Created attachment 121027 [details] Patch to prevent tty NULL in tty_wakeup
This problem was fixed in RHEL3 U5. Please upgrade to U6 (2.4.21-37.EL). *** This bug has been marked as a duplicate of 131674 ***
Please look again at U6. This is a new patch to fix a related issue to 131674, but this is not a dupe. This patch was generated off the U6 kernel tree. :)
Hi, Tom. The reason that I thought that this might be a dup is that the tty changes in U5 should prevent this problem from occurring. Before investing any time on this, I think we should have confirmation that this problem exists on U5 (or U6). Please verify this (and provide the oops output on a more recent kernel). Thanks in advance.

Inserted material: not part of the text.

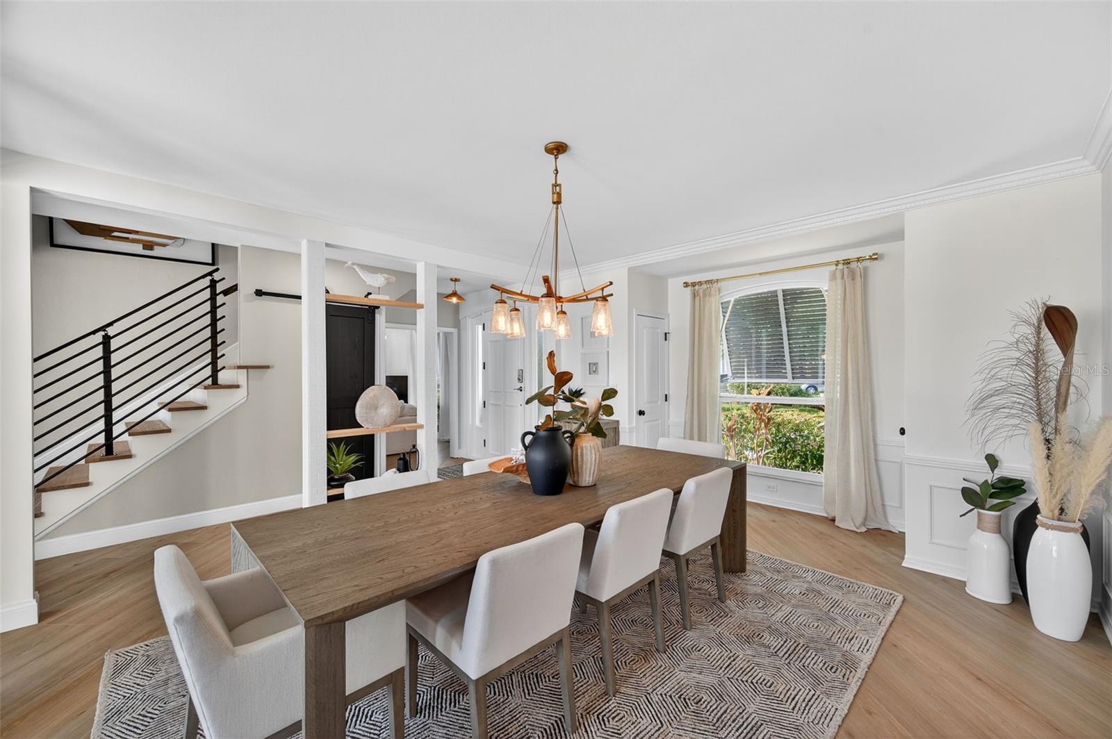 - Built-in Features, Ceiling Fans(s), Crown Molding, High Ceilings, Primary Bedroom Main Floor, Stone Counters, Walk-In Closet(s), Wet Bar, Window Treatments

Hi, Tom. This is getting to be a difficult issue. Basically, the customer is running an unsupported kernel. We can't verify for certain that the tty fixes committed to U5 are exactly what they're running. (There were multiple versions of the very large and complex tty patch.) Further, at least one other tty change went into U5 that could be related (dealing with races in forking and controlling tty assignment). Lastly, I don't feel that the check in tty_wakeup() in comment #1 is appropriate, since if there's an open/close race in drivers/char/serial.c, the problem should be fixed in that driver. Thus, to make progress on resolving this issue, I think we need to have the problem reproduced on stock U6. Reassigning to Don and reverting to NEEDINFO (requesting a U6-based oops or reproducer).

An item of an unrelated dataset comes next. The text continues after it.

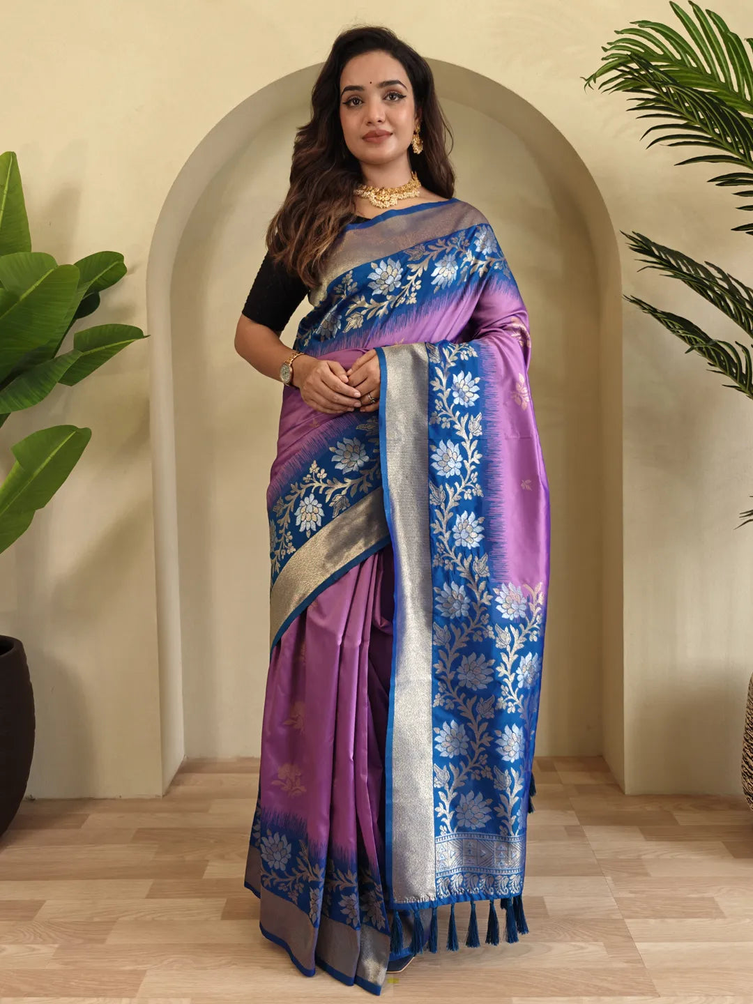 Β This stunning Violet Purple dual-tone silk saree is richly designed with all-over elegant zari...

This bug is filed against RHEL 3, which is in maintenance phase. During the maintenance phase, only security errata and select mission critical bug fixes will be released for enterprise products. Since this bug does not meet that criteria, it is now being closed. For more information of the RHEL errata support policy, please visit: http://www.redhat.com/security/updates/errata/ If you feel this bug is indeed mission critical, please contact your support representative. You may be asked to provide detailed information on how this bug is affecting you.